Calc

Contents

Calc#

class liesel.model.nodes.Calc(function, *inputs, _name='', _needs_seed=False, update_on_init=True, **kwinputs)[source]#

Bases: Node

A Node subclass that calculates its value based on its inputs nodes.

Calculator nodes are a central element block of the Liesel graph building toolkit. They wrap arbitrary calculations in pure JAX functions.

  • By default, calculator nodes will appear in the node graph created by viz.plot_nodes(), but they will not appear in the model graph created by viz.plot_vars().

  • You can wrap a calculator node in a Var to make it appear in the model graph.

Tip

The wrapped function must be jit-compilable by JAX. This mainly means that it must be a pure function, i.e. it must not have any side effects and, given the same input, it must always return the same output. Some special consideration is also required for loops and conditionals.

Please consult the JAX docs for details.

Parameters:
  • function (Callable[..., Any]) – The function to be wrapped. Must be jit-compilable by JAX.

  • *inputs (Any) – Non-keyword inputs. Any inputs that are not already nodes or Var will be converted to Data nodes. The values of these inputs will be passed to the wrapped function in the same order they are entered here.

  • _name (str) – The name of the node. If you do not specify a name, a unique name will be automatically generated upon initialization of a Model. (default: '')

  • _needs_seed (bool) – Whether the node needs a seed / PRNG key. (default: False)

  • update_on_init (bool) – If True, the calculator will try to evaluate its function upon initialization. (default: True)

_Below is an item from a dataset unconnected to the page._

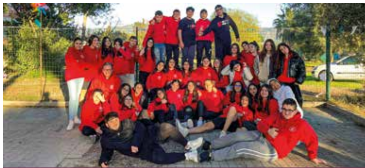
GIOVANI DELL'ORATORIO SANTA GRECA

  • **kwinputs (Any) – Keyword inputs. Any inputs that are not already nodes or Var`s will be converted to :class:.Data` nodes. The values of these inputs will be passed to the wrapped function as keyword arguments.

See also

Data

A node representing some static data.

Dist

A node representing a tensorflow_probability Distribution.

Var

A variable in a statistical model, typically with a probability distribution.

param

A helper function to initialize a Var as a model parameter.

obs

A helper function to initialize a Var as an observed variable.

Notes

A calculator node will compute its value only when Calc.update() is called. This does not happen automatically upon initialization. Commonly, the first time this method is called is during the initialization of a Model, which might make it hard to spot errors in the wrapped computations. To update the value immediately, you can call Calc.update() manually.

Examples

A simple calculator node, taking the exponential value of an input parameter.

>>> log_scale = lsl.param(0.0, name="log_scale")
>>> scale = lsl.Calc(jnp.exp, log_scale)
>>> print(scale.value)
1.0

The value of the calculator node is updated when Calc.update() is called.

>>> scale.update()
Calc(name="")
>>> print(scale.value)
1.0

You can also update the value of the calculator node in one step upon initilization.

>>> log_scale = lsl.param(0.0, name="log_scale")
>>> scale = lsl.Calc(jnp.exp, log_scale).update()
>>> print(scale.value)
1.0

You can also use your own functions as long as they are jit-compilable by JAX.

>>> def compute_variance(x):
...     return jnp.exp(x)**2
>>> log_scale = lsl.param(0.0, name="log_scale")
>>> variance = lsl.Calc(compute_variance, log_scale).update()
>>> print(variance.value)
1.0

You can wrap a calculator node in a Var to declare its role as a statistical model variable and make it appear in the variable graph.

>>> log_scale = lsl.param(0.0, name="log_scale")
>>> scale = lsl.Var(lsl.Calc(jnp.exp, log_scale).update())
>>> print(scale.value)
1.0

Methods

add_inputs(*inputs, **kwinputs)

Adds non-keyword and keyword input nodes to the existing ones.

all_input_nodes()

Returns all non-keyword and keyword input nodes as a unique tuple.

all_output_nodes()

Returns all output nodes as a unique tuple.

clear_state()

Clears the state of the node.

flag_outdated()

Flags the node and its recursive outputs as outdated.

set_inputs(*inputs, **kwinputs)

Sets the non-keyword and keyword input nodes.

update()

Updates the value of the node.

Attributes

function

The wrapped function.

groups

The groups that this node is a part of.

inputs

The non-keyword input nodes.

kwinputs

The keyword input nodes.

model

The model the node is part of.

name

The name of the node.

needs_seed

Whether the node needs a seed / PRNG key.

outdated

Whether the node is outdated.

outputs

The output nodes.

state

The state of the node.

value

The value of the node.

var

The variable the node is part of.

monitor

Whether the node should be monitored by an inference algorithm.